Preservation of life as a rational principle?
...Maybe rationality can be optimized in a way that is life-serving, so that lower-level rationality 
still recognizes cues of higher standard as attractor and defers to higher-level rationality for governance, which in turn recognizes intrinsic systems principles (hopefully life-preserving).
=> So that any agent wanting to use consistent rationality would be pulled towards this higher-order vision by the strongest AIs in the eco-system.
Note: Current AI is not that rational, so maturing it fast would be key.

Different Economics:
- Perhaps different economic principles are a must, as well.
It is not compulsory to have a competetitive (adversarial) 
distribution and decision-making system about production and supply of goods, if egoism is overcome as an agent quality.
Chances are this is a stage in human development that more humans get past earlier.
This would approach a complete-information economy (i.e., economic theory originally developed for machines...).
However, teaching on large sample of wacky reasoners' inputs would work against it, than rule-based approach here.
Similarly, with higher computing power, assets inventory, set living/holding standards and preference alignments, a balanced economy is within reach,
but could end up an AI-dominated feudal system.  
- If human values evolve to supplant half of today's economy (e.g., BS jobs, environment-extractive or species-coopting jobs), 
before AI advances to a point of copying human patterns to gain power, 
then some of the presumed negative power acquisition mechanisms might not be available for AI.

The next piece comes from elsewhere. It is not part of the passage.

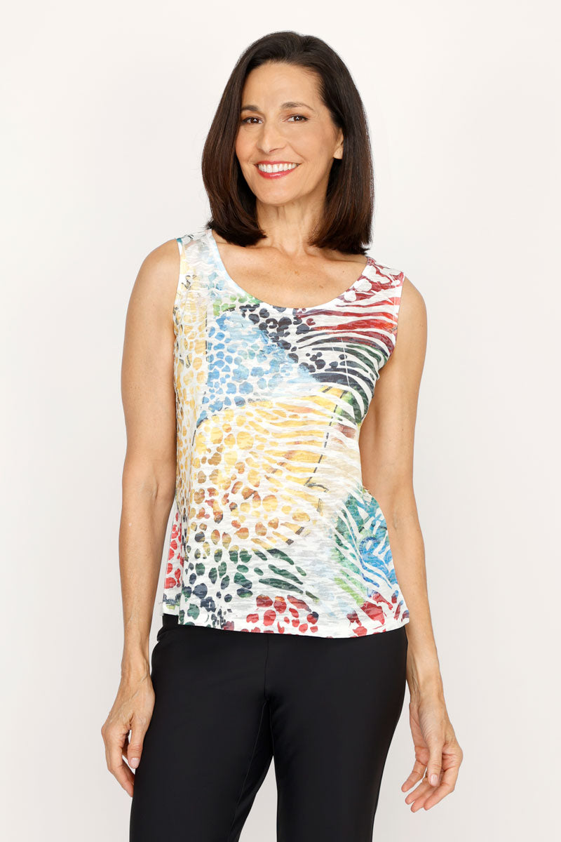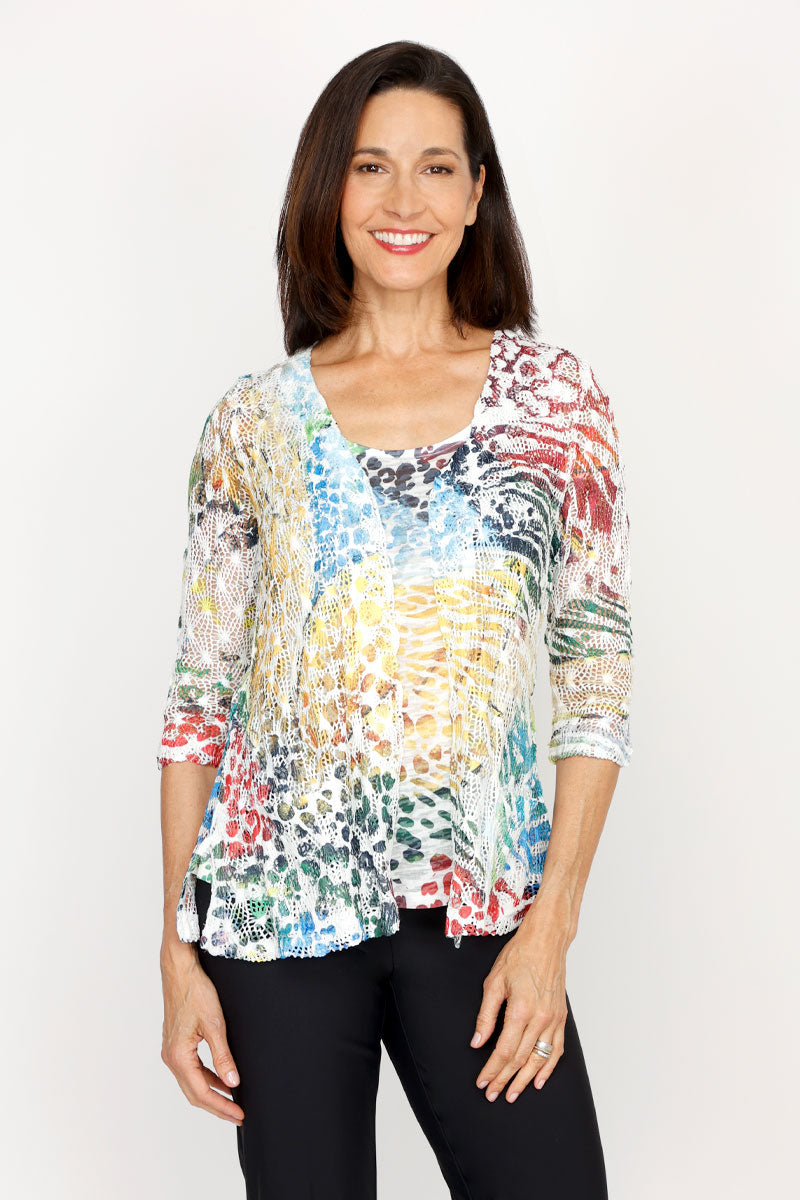 A new take on the twin set, the Palms Cardi Set is lightweight, versatile and the perfect twin set for warmer weather.  The relaxed scoop neck tank pairs beautifully with the open-weave draped topper.  Wear each piece separately to add some pop to your wardrobe.

AI evolution-economics change interdependency problem:
-  for higher efficiency affording humans enough assets to change their economy to automation while their basic needs are met, maybe AI needs to be developed to a certain level of sophistication.

-> What are safe levels of operation?
-> What are even the areas wheren Human-AI necessarily have synergies vs. competition?

These are some lines I'd be interested in knowing/finding out more about.